» Directions for this task
Within the records below is a range that opens at the line with "GO2CTS-TG012-- HOKKAIDO HAKODATE" and closes at the line with "ย่านโมโตมาจิ (Motomachi) จากเชิงเขาฮาโกดาเตะ". Return that range word for word, both ends included, and only that range.

START Exercise material

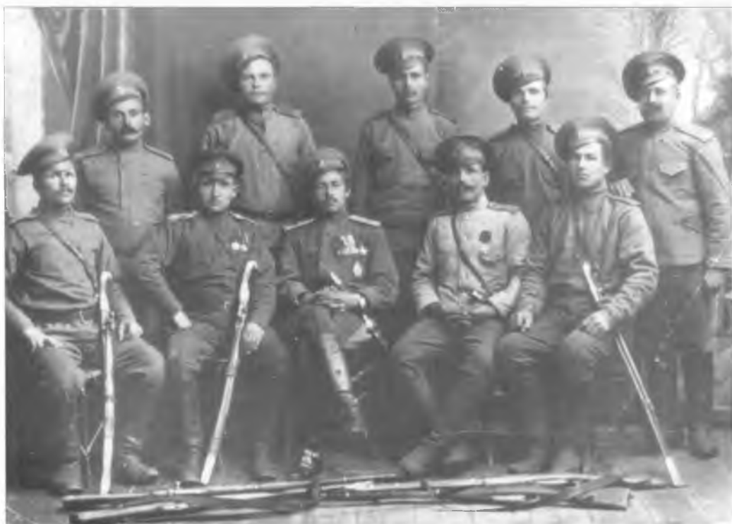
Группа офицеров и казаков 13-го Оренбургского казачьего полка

END Exercise material
START Exercise material

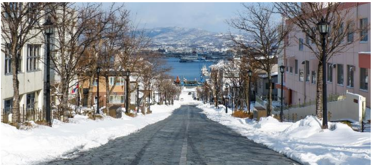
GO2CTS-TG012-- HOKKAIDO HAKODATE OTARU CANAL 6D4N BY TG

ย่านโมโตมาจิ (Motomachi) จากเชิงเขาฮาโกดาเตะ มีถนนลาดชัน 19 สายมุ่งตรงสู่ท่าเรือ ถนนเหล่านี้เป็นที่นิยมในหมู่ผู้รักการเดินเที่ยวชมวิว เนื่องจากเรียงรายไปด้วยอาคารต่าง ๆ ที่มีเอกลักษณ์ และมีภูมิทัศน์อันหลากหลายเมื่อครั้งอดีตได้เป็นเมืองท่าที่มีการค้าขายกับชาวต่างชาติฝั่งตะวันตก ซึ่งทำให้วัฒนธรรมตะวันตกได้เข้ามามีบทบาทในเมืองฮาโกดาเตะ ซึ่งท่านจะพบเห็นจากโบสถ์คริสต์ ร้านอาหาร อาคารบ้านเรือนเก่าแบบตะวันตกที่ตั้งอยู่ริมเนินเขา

END Exercise material

» Expected answer
GO2CTS-TG012-- HOKKAIDO HAKODATE OTARU CANAL 6D4N BY TG

ย่านโมโตมาจิ (Motomachi) จากเชิงเขาฮาโกดาเตะ มีถนนลาดชัน 19 สายมุ่งตรงสู่ท่าเรือ ถนนเหล่านี้เป็นที่นิยมในหมู่ผู้รักการเดินเที่ยวชมวิว เนื่องจากเรียงรายไปด้วยอาคารต่าง ๆ ที่มีเอกลักษณ์ และมีภูมิทัศน์อันหลากหลายเมื่อครั้งอดีตได้เป็นเมืองท่าที่มีการค้าขายกับชาวต่างชาติฝั่งตะวันตก ซึ่งทำให้วัฒนธรรมตะวันตกได้เข้ามามีบทบาทในเมืองฮาโกดาเตะ ซึ่งท่านจะพบเห็นจากโบสถ์คริสต์ ร้านอาหาร อาคารบ้านเรือนเก่าแบบตะวันตกที่ตั้งอยู่ริมเนินเขา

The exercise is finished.